Struct tsil_cev::TsilCev[][src]

pub struct TsilCev<T> { /* fields omitted */ }

Implementations

impl<T> TsilCev<T>[src]

pub fn with_capacity(cap: usize) -> Self[src]

Constructs a new, empty TsilCev with the specified capacity like in Vec.

use tsil_cev::TsilCev;

let tc = TsilCev::<()>::with_capacity(4);
assert_eq!(tc.len(), 0);
assert_eq!(tc.capacity(), 4);

pub const fn new() -> Self[src]

Constructs a new, empty TsilCev.

use tsil_cev::TsilCev;

let mut tc = TsilCev::new();
assert_eq!(tc.len(), 0);
assert_eq!(tc.capacity(), 0);

tc.push_back(5);
assert_eq!(tc.len(), 1);
assert!(tc.capacity() >= 1);

pub fn clear(&mut self)[src]

Deletes all values from TsilCev like in Vec.

use tsil_cev::TsilCev;

let mut tc = TsilCev::from(vec![0, 1, 2, 3]);
assert_eq!(tc.len(), 4);
assert!(tc.capacity() >= 4);

tc.clear();
assert_eq!(tc.len(), 0);

pub fn iter_tsil(&self) -> TsilIter<'_, T>

Notable traits for TsilIter<'t, T>

impl<'t, T: 't> Iterator for TsilIter<'t, T> type Item = &'t T;
[src]

Returns Tsil iterator.

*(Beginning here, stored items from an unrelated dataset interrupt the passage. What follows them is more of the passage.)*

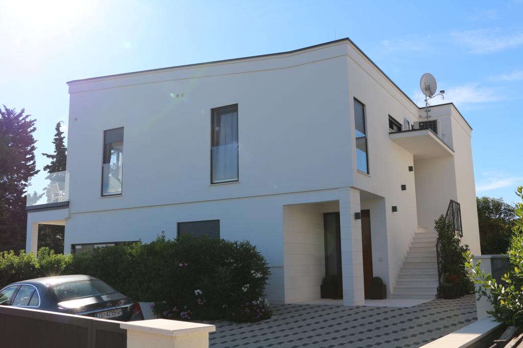 Teljesen új és modern apartman, első sorban a tenger felé, 50m2-es, tágas erkéllyel napozásra és étkezésre. Biztonságos parkoló az épület udvarán belül, elektromos mozgatható kerítéssel. Az apartmanok 55"-os internetes TV-vel vannak kialakítva a nappaliban és 43"-es a hálószobában, streaming szolgáltatásokkal (például Netflix). A konyhák hűtővel, fagyasztóval, indukciós főzőlappal és sütővel, valamint mosogatógéppel felszereltek. Hajszárító, törölköző, ágynemű, edények, edények, wc papír benne van. Közel a központhoz, 3 élelmiszerbolttal és 4 étteremmel a város központjában. A közelben két pizzéria is található. A közelben két tengerparti bár található, a "Ritam" és a "Bichikleta". Szezonban a "Ritam" bárban érdekes szórakoztató programokat kínálnak zenei előadók.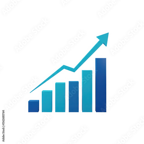 three-dimensional, bar chart, arrow, success, stock exchange, infographic, statistic, chart, diagram, increase, progress, achievement, investment, finance, blue, realistic, isolated, presentation, marketing, illustration, render, upward, graph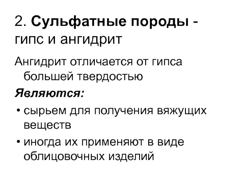Слайд 522. Сульфатные породы - гипс и ангидрит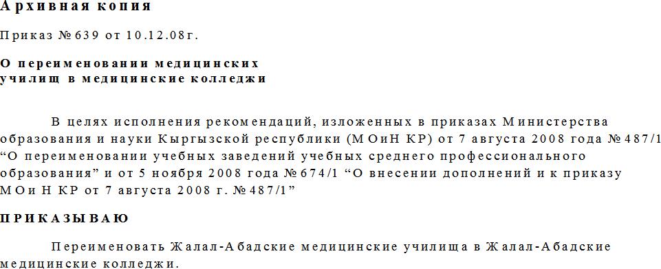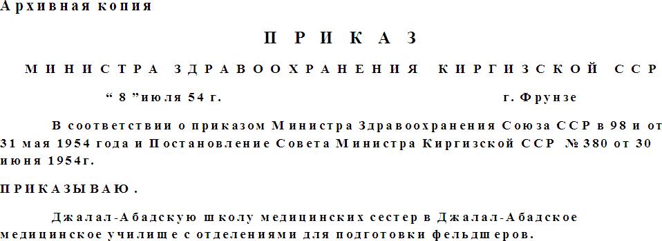 1954-жылы Кыргыз ССРнин Саламаттык Сактоо Министрлигинин №102 – 08.07.54 буйругунун негизинде медициналык мектеп, медициналык училища болуп өзгөргөн.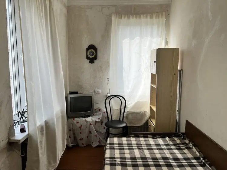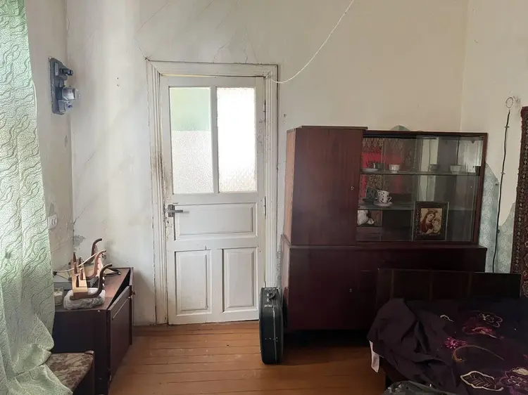 Коммуникации: вода центральная – введена в соседней части дома, канализация местная, газ и котел (старый советского производства), батареи есть в доме, в рабочем состоянии.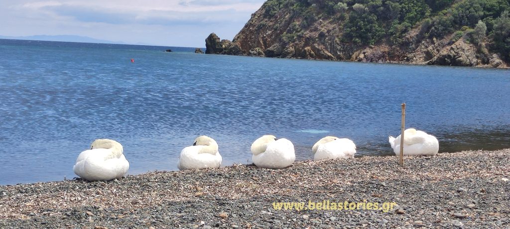 Μια μοναδική επίσκεψη επεφύλασσε η χθεσινή μέτρα για όσους βρέθηκαν στην παραλία της Χαραμίδας για το μεσημεριανό τους μπάνιο. Πέντε πανέμορφοι κύκνοι πέταξαν στην ακτή και επέλεξαν να ξεκουραστούν και να κοιμηθούν σε μια από τις ήσυχες γωνιές της ακτής του κόλπου. Αφού πήραν έναν μεσημεριανό υπνάκο ξύπνησαν και ξεκινήσαν τις βόλτες τους κατά μήκος της ακτής.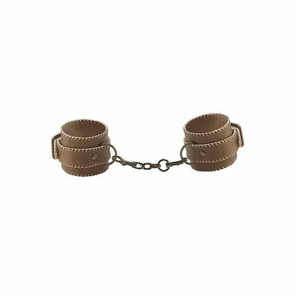 Lekker stevige handboeien van Ouch! Brown. Ze zitten lekker en zien er mooi uit; bruin met mooi afgewerkte witte stiksels.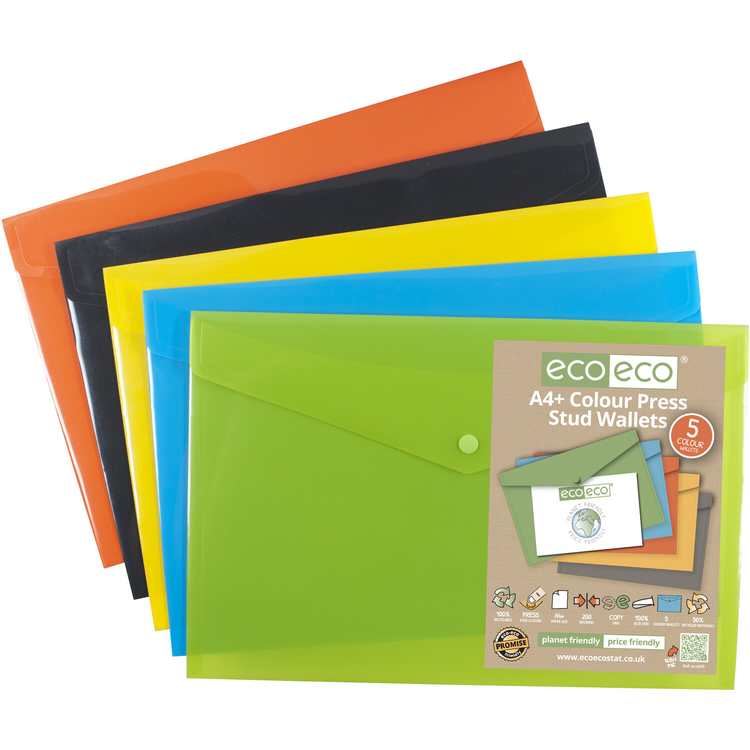 Keep your documents, paperwork, photos and more secure with this Pack of Five Colour Press Stud Wallets. Perfect for home, office and school use, each set has five different coloured wallets included, all with a smooth finish and superior strength.

Iterating as in LinkedList.

use tsil_cev::TsilCev;

let mut tc = TsilCev::new();
tc.push_back(10);
tc.push_front(0);
let mut cev_iter = tc.iter_tsil();

assert_eq!(cev_iter.next(), Some(&0));
assert_eq!(cev_iter.next(), Some(&10));
assert_eq!(cev_iter.next(), None);

pub fn iter_tsil_mut(&mut self) -> TsilIterMut<'_, T>

Notable traits for TsilIterMut<'t, T>

impl<'t, T: 't> Iterator for TsilIterMut<'t, T> type Item = &'t mut T;
[src]

Returns Tsil iterator. Iterating as in LinkedList that allows modifying each value.

use tsil_cev::TsilCev;

let mut tc = TsilCev::new();
tc.push_back(10);
tc.push_front(0);
for x in tc.iter_tsil_mut() {
    *x *= 20;
}

assert_eq!(tc.into_vec(), &[0, 200]);

pub fn iter_cev(&self) -> CevIter<'_, T>

Notable traits for CevIter<'t, T>

impl<'t, T: 't> Iterator for CevIter<'t, T> type Item = &'t T;
[src]

Returns Cev iterator. Iterating as in Vec.

use tsil_cev::TsilCev;

let mut tc = TsilCev::new();
tc.push_back(10);
tc.push_front(0);
let mut cev_iter = tc.iter_cev();

assert_eq!(cev_iter.next(), Some(&10));
assert_eq!(cev_iter.next(), Some(&0));
assert_eq!(cev_iter.next(), None);

pub fn iter_cev_mut(&mut self) -> CevIterMut<'_, T>

Notable traits for CevIterMut<'t, T>

impl<'t, T: 't> Iterator for CevIterMut<'t, T> type Item = &'t mut T;
[src]

Returns Cev iterator. Iterating as in Vec that allows modifying each value.

use tsil_cev::TsilCev;

let mut tc = TsilCev::new();
tc.push_back(10);
tc.push_front(0);
for x in tc.iter_cev_mut() {
    *x *= 20;
}

assert_eq!(tc.into_vec(), &[0, 200]);

pub fn drain_filter_tsil<F>(&mut self, pred: F) -> DrainFilterTsil<'_, T, F>

Notable traits for DrainFilterTsil<'_, T, F>

impl<T, F> Iterator for DrainFilterTsil<'_, T, F> where
    F: FnMut(&mut T) -> bool,  type Item = T;
 where
    F: FnMut(&mut T) -> bool, [src]

Creates an Tsil iterator which uses a mutate closure to determine if an element should be removed like in LinkedList.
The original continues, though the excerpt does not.